Еще раз позвонил на работу. Странно, но телефон работал. А может быть, мне все это кажется и никакого переворота нет? Сказал пять фраз:
— Буду пробиваться в Москву. Если удача — позвоню из автомата. Всю технику на улицу, снимать и записывать. Что бы ни случилось — снимать и записывать.
В Компании все будет в порядке. Я в этом уверен. Там Лысенко. Если и случится шоковое состояние, то ненадолго. Профессионализм скажет свое слово.
Кот оставлен. Набросали кое-какие вещи, запасную канистру с бензином. Жена категорически:
— Я с тобой.
Ну, со мной так со мной:
— Поехали.
Три корзины с яблоками (кстати, 19 августа — Яблочный Спас). Яблоки в машине — это камуфляж.
Дорога поражает своей обычностью. Обращаю внимание на одну деталь: машин с московскими номерами очень мало. Сам себя успокаиваю — понедельник, так и должно быть. Все очень профессионально, все крупные перевороты совершаются во время уик-энда. Власть отдыхает.
У Серпухова меня останавливают.

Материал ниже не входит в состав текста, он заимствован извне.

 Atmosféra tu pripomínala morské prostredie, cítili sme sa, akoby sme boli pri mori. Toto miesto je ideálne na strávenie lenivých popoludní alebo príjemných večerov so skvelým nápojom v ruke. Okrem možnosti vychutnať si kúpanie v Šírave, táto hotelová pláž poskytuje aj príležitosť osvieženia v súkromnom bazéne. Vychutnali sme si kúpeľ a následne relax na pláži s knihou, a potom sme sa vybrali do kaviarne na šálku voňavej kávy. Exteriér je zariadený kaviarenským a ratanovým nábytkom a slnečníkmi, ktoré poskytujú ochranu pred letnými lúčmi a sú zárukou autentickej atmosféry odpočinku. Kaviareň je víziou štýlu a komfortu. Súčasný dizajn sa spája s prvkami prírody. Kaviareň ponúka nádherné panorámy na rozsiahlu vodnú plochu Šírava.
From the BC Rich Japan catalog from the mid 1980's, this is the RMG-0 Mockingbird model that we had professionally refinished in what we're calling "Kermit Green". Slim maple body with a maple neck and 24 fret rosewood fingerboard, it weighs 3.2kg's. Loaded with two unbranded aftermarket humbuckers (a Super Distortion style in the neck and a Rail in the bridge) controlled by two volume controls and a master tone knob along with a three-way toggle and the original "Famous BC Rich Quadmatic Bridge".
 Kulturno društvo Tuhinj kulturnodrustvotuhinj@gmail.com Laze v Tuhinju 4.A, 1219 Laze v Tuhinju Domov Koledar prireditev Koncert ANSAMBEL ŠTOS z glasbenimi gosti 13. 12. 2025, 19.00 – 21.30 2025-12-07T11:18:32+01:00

Милицейский капитан указывает жезлом на обочину. Вижу, как побледнела жена. Выхожу.
— Пройдите со мной. Вы нарушили. Обгон при встречном потоке машин.
Обгон действительно был — молчу. Что будет дальше? Берет документы, разглядывает их. Спрашивает, где работаю. Отвечаю:
— Писатель.
Капитан смотрит на меня, вроде как разговаривает сам с собой, затем поясняет:
— Это я так спрашиваю, мало ли что. Есть люди, которых мы не штрафуем, должности у них такие, бесштрафные. С писателями все нормально писателей штрафуем.

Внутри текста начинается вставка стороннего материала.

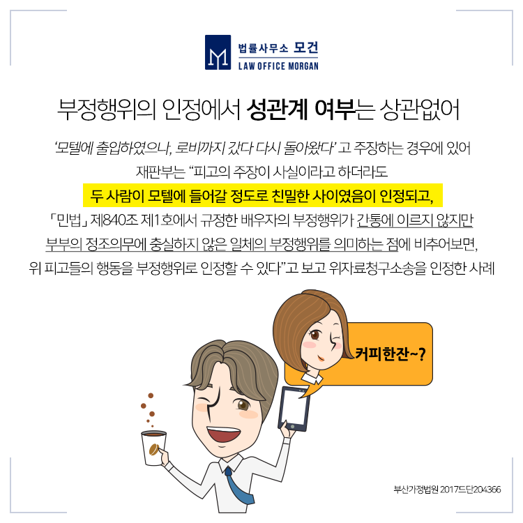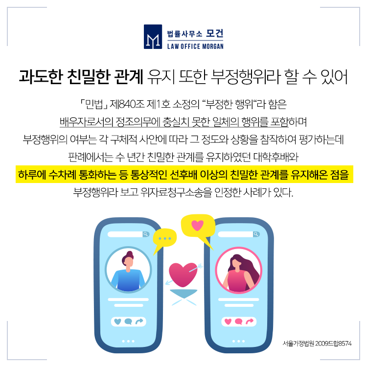 그런데 이런 관계가 자칫 잘못된 부정행위, 불륜행위로 나아가는 경우에는 불법행위를 구성하기 때문에 이를 이유로 상대 배우자는 이혼소송 및 위자료청구소송을 제기할 수 있고, 배우자와 불륜행위를 한 상간녀, 상간남을 상대로 위자료청구소송을 제기할 수 있습니다.
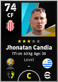 . Jhonatan Candia is a Center Forward footballer from Uruguay who plays for Barracas Rb in eFootball 2026.
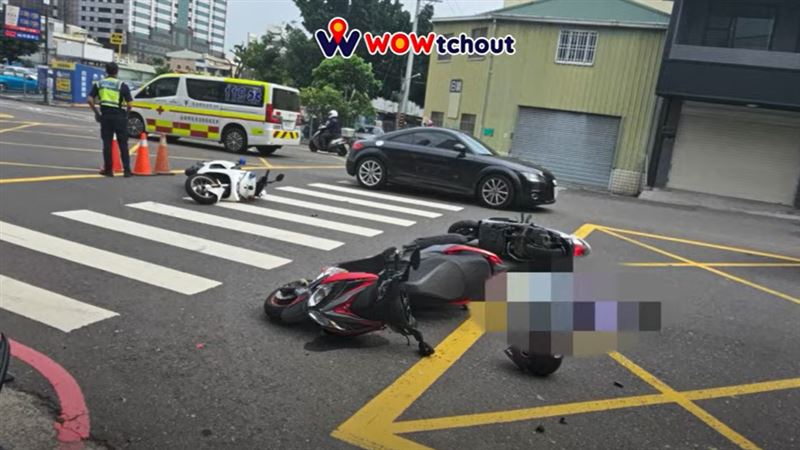 接著,又有另名女騎士從後方直接撞上,造成3輛機車在路口撞成一團,也嚇到路旁女行人,所幸,肇事騎士都只受輕傷。
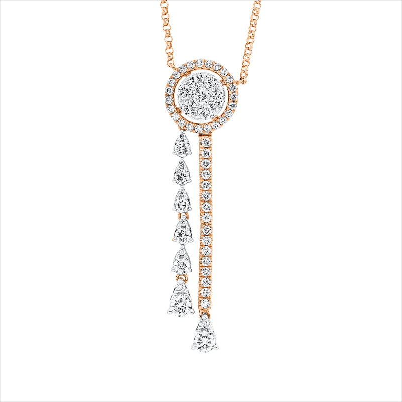 Collier 18 kt RG, mit ZÖ 40 cm + 43 cm, 60 Brill. 0,91 ct, TW-si
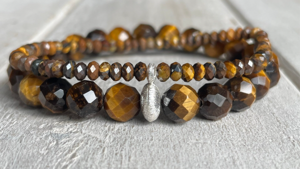 Mehrere Armbänder lassen sich perfekt im Layering-Look miteinander kombinieren und tragen. Stilsicher und harmonisch in verschiedenen Ausführungen. Echte Edelsteine faszinieren mit natürlicher Schönheit. Sterling Silber sorgt für eine cleane und moderne Note. Die Fotos mit mehreren Tigerauge Armbändern zeigen passende Gegenstücke aus 8 und 10 mm großen Edelsteinrondellen und -perlen. Du findest dieses Schmuckstück ebenfalls hier im Shop.
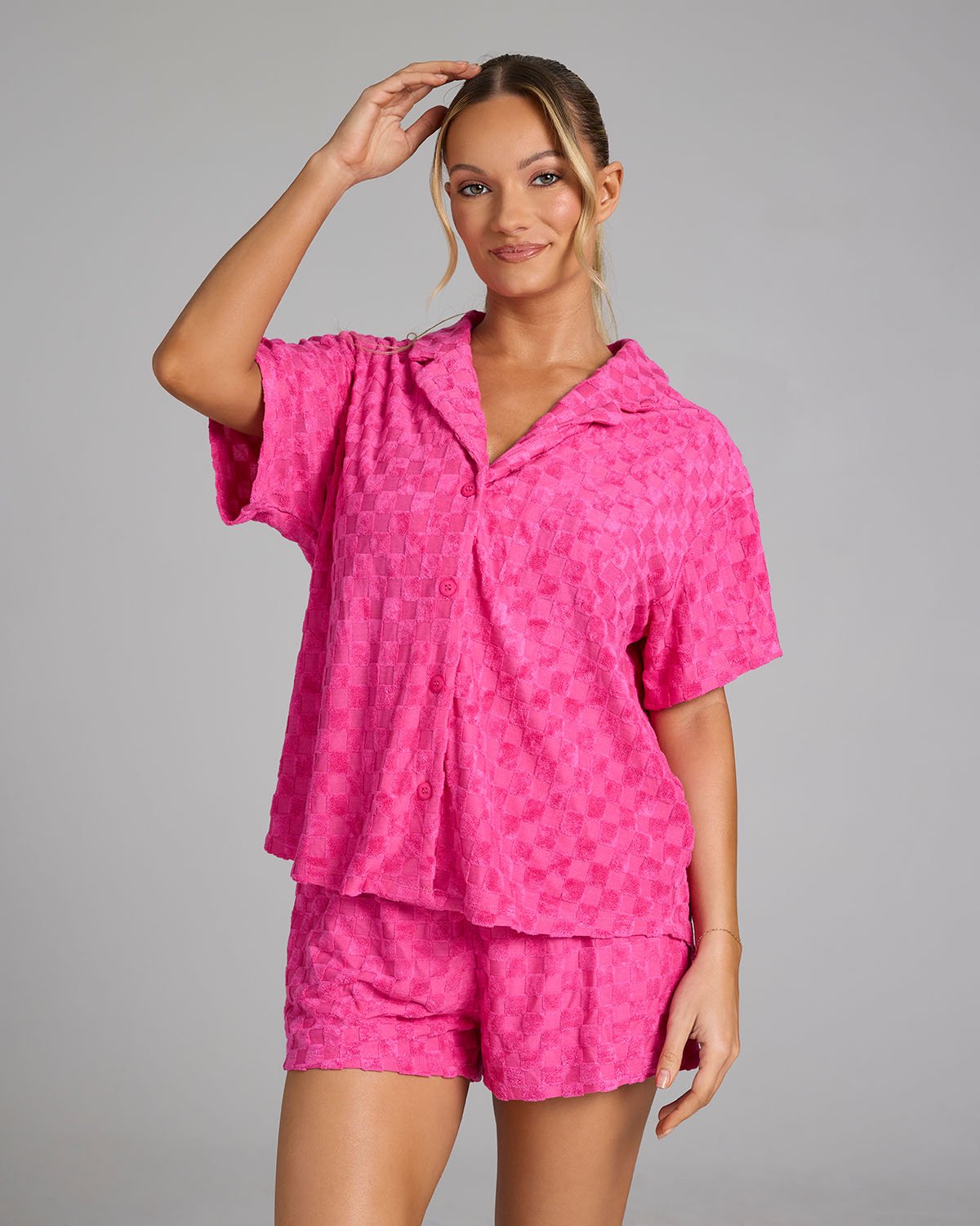 Introducing the Pink Rosa Button Up and Shorts Set, a stylish and versatile ensemble that will elevate your summer fashion game. This two-piece set features a button-down shirt and matching shorts, perfect for those sunny days or vacation getaways. Embrace the playful and feminine vibes of the Pink Rosa set and make a bold fashion statement wherever you go. Get ready to turn heads and feel confident in this trendy and chic outfit.
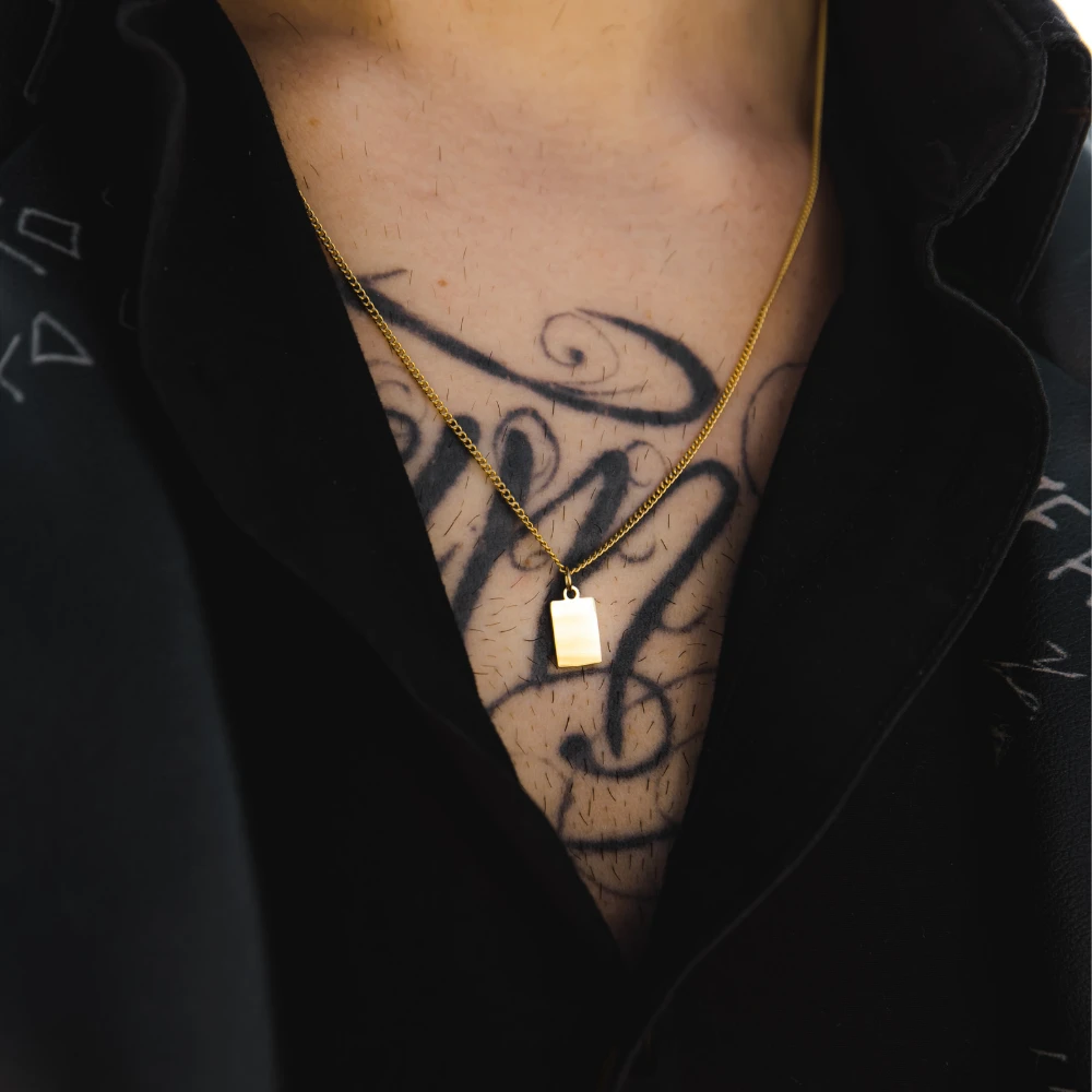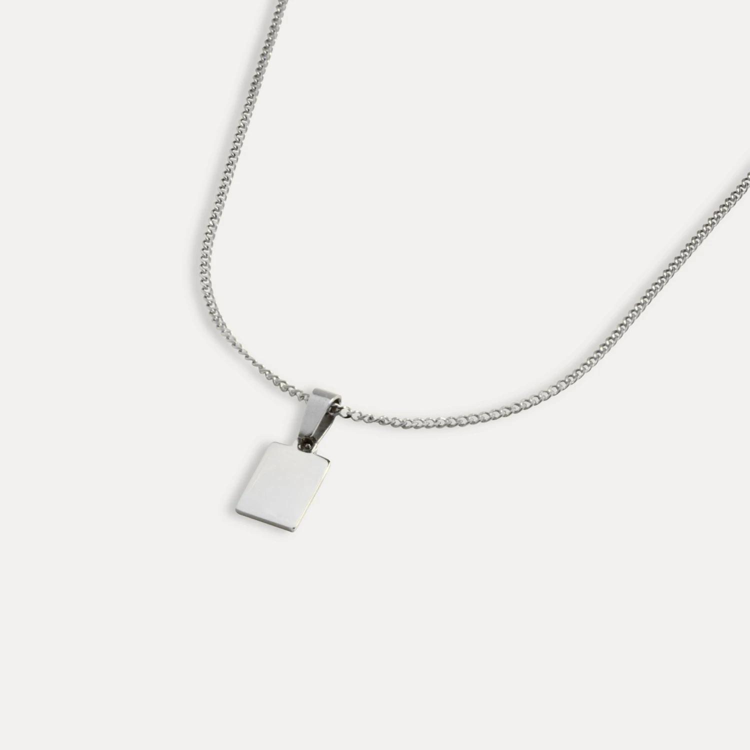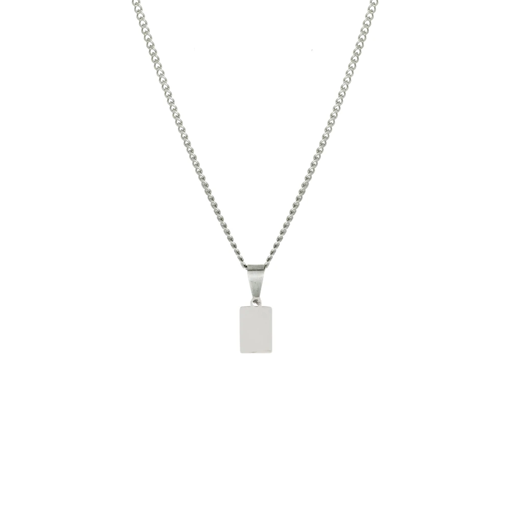 A mini rectangle Silver Bar pendant combined with a thin Cuban chain makes for simple minimalist necklace, perfect for daily wear.

Я ничего не ответил на этот милицейский монолог. Жду развития событий. Слышу, как верещит постовая рация:
— Восьмой, восьмой, как у тебя?
Капитан задумчиво смотрит на аппарат, вздыхает:
— У меня?.. — Выдерживает паузу, поднимает глаза. На водительских правах я выгляжу моложе. Капитан то ли сомневается, то ли хочет спросить, что нужно ответить этому надоедливому голосу из потрескивающей рации. Я уступаю этому недоуменному взгляду, пожимаю плечами. Похоже, именно такой реакции он и ждал.
— …у меня нормально, — говорит капитан и отключает связь.

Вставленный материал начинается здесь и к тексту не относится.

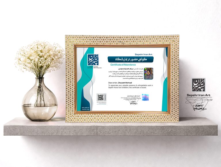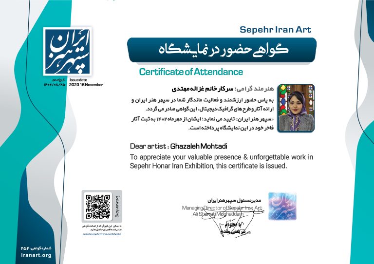 – این گواهی دارای QRcode اختصاصی و ویژه شما هنرمند گرامی در سامانه «نمایشگاه هنر ایران» بوده که به راحتی قابل راستی آزمایی است.
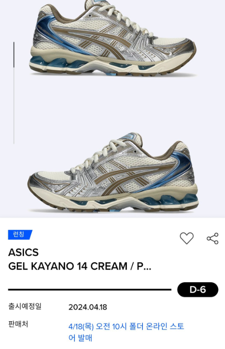 폴더 아식스 젤카야노14 cream pepper 18일 10시발매
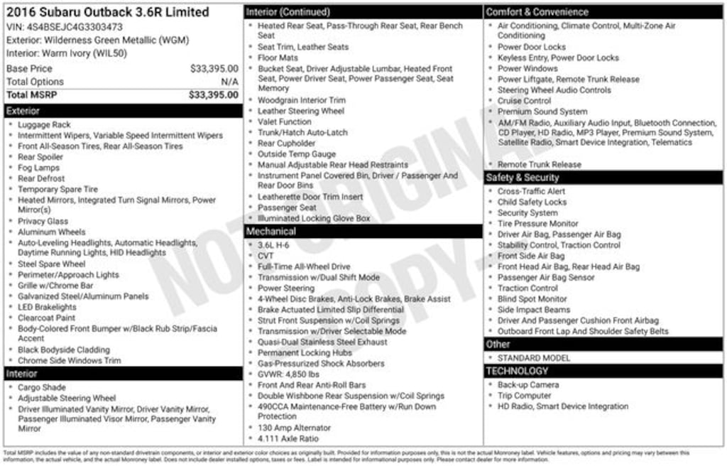 When our Honda CRV was totaled by an idiot in a pick up truck, we started shopping around. We examined all the other alternatives from Ford, GM, Honda, Toyota, Nissan, Hyundai, but it was when the Outback was taken for a test drive it IMMEDIATLY set itself apart from its competitors! Road noise, minimal; interior comfort, OUTSTANDING; road handling, a dream; electronics, mind-blowing array including safety systems; ALSO, and you cannot find this on ANY 2019 SUV in it's class, a CD PLAYER in addition to the satellite and broadcast radio! Yep, a physical real CD player, which means we don't have to put all our music on USB sticks! Ours is the 4 cylinder model, but even still, when you kick down on the accelerator (not the paddle switch on the steering wheel) it can deliver some very impressive acceleration! The back is absolutely cavernous compared to its competition, even before you put the rear seats in a down position! The array of controls available on the steering wheel is impressive to say the least, and will take a bit of learning to get fully comfortable with. When you consider ALL of the standard features, including safety features, that are extra on most of its competition, together with how the vehicle itself performs, this really is a no brainer! Detroit has a LOT of catching up to do, & mainstream Japan automakers, while maybe having the same technology, don't even come close to this level of appointments as standard at this price point!… - 5.0
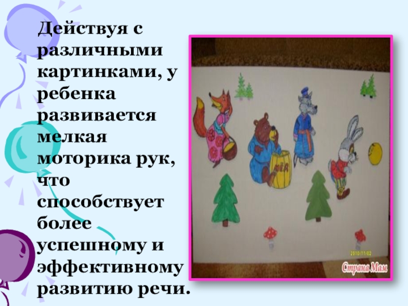 Слайд 7 Действуя с различными картинками, у ребенка развивается мелкая моторика
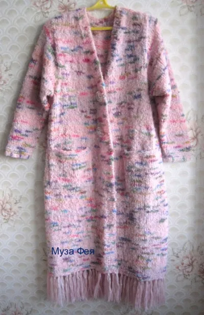 Низ пальто отделан бахромой из пряжи с пайетками. Вновь модная сейчас бахрома и буклированная пряжа делает простое пальто довольно интересным. Их буклированной пряжи бахрому делать не рекомендуется, так как кудрявая пряжа будет распускаться.
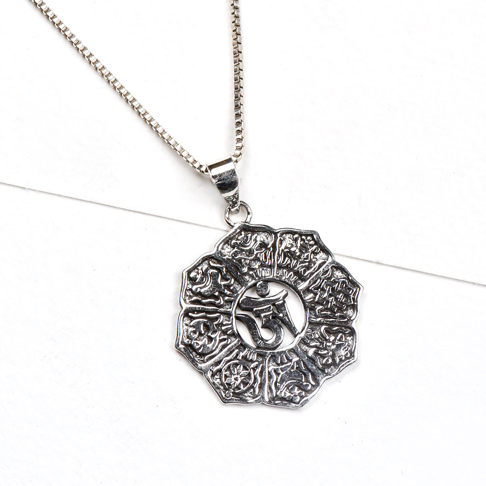 Auspicious 92.5 Sterling Silver pendant in a flower shape with a big aum in centre wit all the symbols of the zodiac signs on the top most border is made by expert craftsmen of India. The Perfect gift for your sister, friend , lover and mother on Diwali, Christmas, Engagements, New years eve, Valentine day, Raksha Bandhan and many such auspicious occasions.

Еще раз смотрит мои документы, затем аккуратно складывает и возвращает.
— А я вас знаю. Вы работаете на Российском телевидении.
Мне ничего не остается сделать, как согласиться. Я действительно писатель, но теперь уже писательский камуфляж ни к чему.
Затем капитан не выдерживает:
— Да объясните, наконец, что произошло?
— Переворот, — отвечаю я.
— Значит, они теперь и есть власть?
— Да, — говорю. — Они есть власть незаконная.
— Это я понимаю. А Ельцин где?
После этого вопроса мне стало легче.
— Пока не знаю.
— Вам не позавидуешь, — улыбается капитан. — Спешите, спешите, только не нарушайте. Доброго пути.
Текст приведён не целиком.